§ Work required
Give each line of the records again exactly and omit every picture.

┄┄┄┄┄┄┄┄┄┄

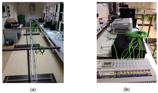 where u(x, t) and i(x, t) are, respectively, the line voltage and current at a distance x from the source; R∆x and G∆x are the resistance and conductance of the elementary line segment; di(x, t)/dt and idu(x, t)/dt are, respectively, the change in the line voltage and current depending on the distance x from the source; u(x + ∆x, t) and i(x + ∆x, t) are the voltage and the current at any point in the line; C∆x du(x, t)/dt is the leakage current on the capacitance between the line cables; and L∆x di(x, t)/dt is the voltage loss due to the magnetic field of the long line. An electrical cable used for the experimental studies was divided into 15 equal elementary segments (Figure 2b). Each elementary segment is shown as a single “L”-type quadripole. For a line shown as a chain of the quadripole, the number increases indefinitely while the parameters of individual quadripoles simultaneously decrease, so it can be concluded that voltage and current at any point of the chain have a waveform similar to the source (forcing) signal.
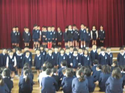 今日の児童集会は1年生の学年発表を行いました。上級生の前で、ふれあいお楽しみ会で学んだ、けん玉やこままわし、そして1年間練習したなわとびを披露しました。なわとびの最後はにゃんこスターで締めくくり。上級生からは拍手喝采でした。
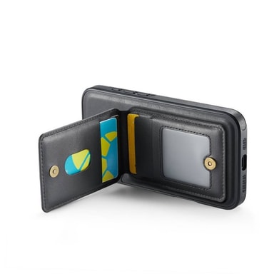 Mobilfodralet erbjuder en komplett lösning för att skydda din telefon samtidigt som dess användarvänlighet förbättras. Utrustad med avtagbar magnetisk plånbok med plats för kreditkort. Mobilskalet har integrerade magneter som håller plånboken på plats. Mobilskalet har MagSafe teknologi, vilket säkerställer en säker och effektiv anslutning för trådlös laddning. Fodralet inkluderar en inbyggd ringhållare som ger ett säkert grepp, vilket gör det enkelt att ta stabila och välkomponerade selfies. Plånbokslocket kan vikas till ett horisontellt läge och fungerar som en stabil bas för handsfreevisning av videor, videosamtal eller läsning. Praktiskt och enkelt att besvara samtal, eller om du vill lämna plånboksdelen hemma och endast använda telefonen.
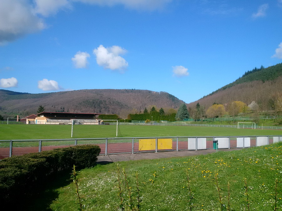 Nach einer kleinen Stärkung begeben wir uns auf die letzten acht Kilometer, die sich fast nur noch hinab ins Tal ziehen - kleine Gegenanstiege ausgenommen. Die Wege über den Col du Pottaschkopf (482 m) und den Col Borneberg (461 m) lassen sich richtig gut laufen. Wir machen daher noch einige Plätze im Klassement gut und biegen wenig später auf uns bekanntes Terrain. Nach dem Aussichtspunkt Les trois chenes (325 m), den drei Eichen, überholen wir sogar noch zwei Frauen. Die jüngere der beiden wähnen wir in der "L'Integrale"-Wertung, was sich nach unserer Zielankunft jedoch als falsch heraus stellen wird. Auf einmal können wir noch einen Zahn zulegen und kommen so zwangsläufig ins Gespräch über die wichtigen Dinge: Natürlich hat Ute vor dem heutigen Start das Teilnehmerfeld nach Konkurrentinnen vom Vortag abgesucht und sie ist dabei auch fündig geworden. Da aber keine Ergebnisliste vom Défi des Seigneurs aushing oder im Internet abrufbereit war, blieb allerdings auch viel Spekulation. Dann erzählt mir Ute von dem Radfahrer, den wir heute dreimal an der Strecke sitzend trafen, der ihr zurief (während ich in Jaegerthal etwas abseits fotografierte), sie wäre "premiere feminin L'Integrale" - also "erste Frau der L'Integrale-Wertung". Und Ute erzählt mir das auch nur, weil sie es nicht richtig verstanden hat und ihre Vermutung jetzt (rund 45 Kilometer später) bestätigt haben will. Sicherlich handelte es sich bei dem Streckenposten um einen Offiziellen, der die Startnummern der jeweiligen Erstplazierten in petto hatte, denn ein System war/ist dabei nicht erkennbar. So haben wir genügend Gesprächsstoff bis ins Ziel, welches heute zwischen Sporthalle und Fußballstadion liegt. Die letzten hundert Meter laufen wir wieder Hand in Hand zum Zielbogen und stoppen nach 7:31 Stunden unsere Uhren.
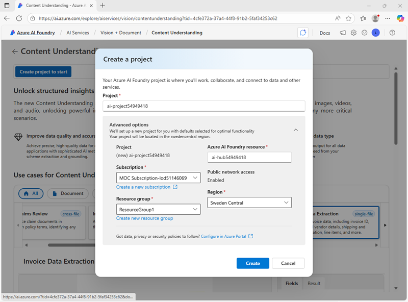 Create an Azure AI Foundry project for content understanding

┄┄┄┄┄┄┄┄┄┄

§ Answer for the task
 where u(x, t) and i(x, t) are, respectively, the line voltage and current at a distance x from the source; R∆x and G∆x are the resistance and conductance of the elementary line segment; di(x, t)/dt and idu(x, t)/dt are, respectively, the change in the line voltage and current depending on the distance x from the source; u(x + ∆x, t) and i(x + ∆x, t) are the voltage and the current at any point in the line; C∆x du(x, t)/dt is the leakage current on the capacitance between the line cables; and L∆x di(x, t)/dt is the voltage loss due to the magnetic field of the long line. An electrical cable used for the experimental studies was divided into 15 equal elementary segments (Figure 2b). Each elementary segment is shown as a single “L”-type quadripole. For a line shown as a chain of the quadripole, the number increases indefinitely while the parameters of individual quadripoles simultaneously decrease, so it can be concluded that voltage and current at any point of the chain have a waveform similar to the source (forcing) signal.
 今日の児童集会は1年生の学年発表を行いました。上級生の前で、ふれあいお楽しみ会で学んだ、けん玉やこままわし、そして1年間練習したなわとびを披露しました。なわとびの最後はにゃんこスターで締めくくり。上級生からは拍手喝采でした。
 Mobilfodralet erbjuder en komplett lösning för att skydda din telefon samtidigt som dess användarvänlighet förbättras. Utrustad med avtagbar magnetisk plånbok med plats för kreditkort. Mobilskalet har integrerade magneter som håller plånboken på plats. Mobilskalet har MagSafe teknologi, vilket säkerställer en säker och effektiv anslutning för trådlös laddning. Fodralet inkluderar en inbyggd ringhållare som ger ett säkert grepp, vilket gör det enkelt att ta stabila och välkomponerade selfies. Plånbokslocket kan vikas till ett horisontellt läge och fungerar som en stabil bas för handsfreevisning av videor, videosamtal eller läsning. Praktiskt och enkelt att besvara samtal, eller om du vill lämna plånboksdelen hemma och endast använda telefonen.
 Nach einer kleinen Stärkung begeben wir uns auf die letzten acht Kilometer, die sich fast nur noch hinab ins Tal ziehen - kleine Gegenanstiege ausgenommen. Die Wege über den Col du Pottaschkopf (482 m) und den Col Borneberg (461 m) lassen sich richtig gut laufen. Wir machen daher noch einige Plätze im Klassement gut und biegen wenig später auf uns bekanntes Terrain. Nach dem Aussichtspunkt Les trois chenes (325 m), den drei Eichen, überholen wir sogar noch zwei Frauen. Die jüngere der beiden wähnen wir in der "L'Integrale"-Wertung, was sich nach unserer Zielankunft jedoch als falsch heraus stellen wird. Auf einmal können wir noch einen Zahn zulegen und kommen so zwangsläufig ins Gespräch über die wichtigen Dinge: Natürlich hat Ute vor dem heutigen Start das Teilnehmerfeld nach Konkurrentinnen vom Vortag abgesucht und sie ist dabei auch fündig geworden. Da aber keine Ergebnisliste vom Défi des Seigneurs aushing oder im Internet abrufbereit war, blieb allerdings auch viel Spekulation. Dann erzählt mir Ute von dem Radfahrer, den wir heute dreimal an der Strecke sitzend trafen, der ihr zurief (während ich in Jaegerthal etwas abseits fotografierte), sie wäre "premiere feminin L'Integrale" - also "erste Frau der L'Integrale-Wertung". Und Ute erzählt mir das auch nur, weil sie es nicht richtig verstanden hat und ihre Vermutung jetzt (rund 45 Kilometer später) bestätigt haben will. Sicherlich handelte es sich bei dem Streckenposten um einen Offiziellen, der die Startnummern der jeweiligen Erstplazierten in petto hatte, denn ein System war/ist dabei nicht erkennbar. So haben wir genügend Gesprächsstoff bis ins Ziel, welches heute zwischen Sporthalle und Fußballstadion liegt. Die letzten hundert Meter laufen wir wieder Hand in Hand zum Zielbogen und stoppen nach 7:31 Stunden unsere Uhren.
 Create an Azure AI Foundry project for content understanding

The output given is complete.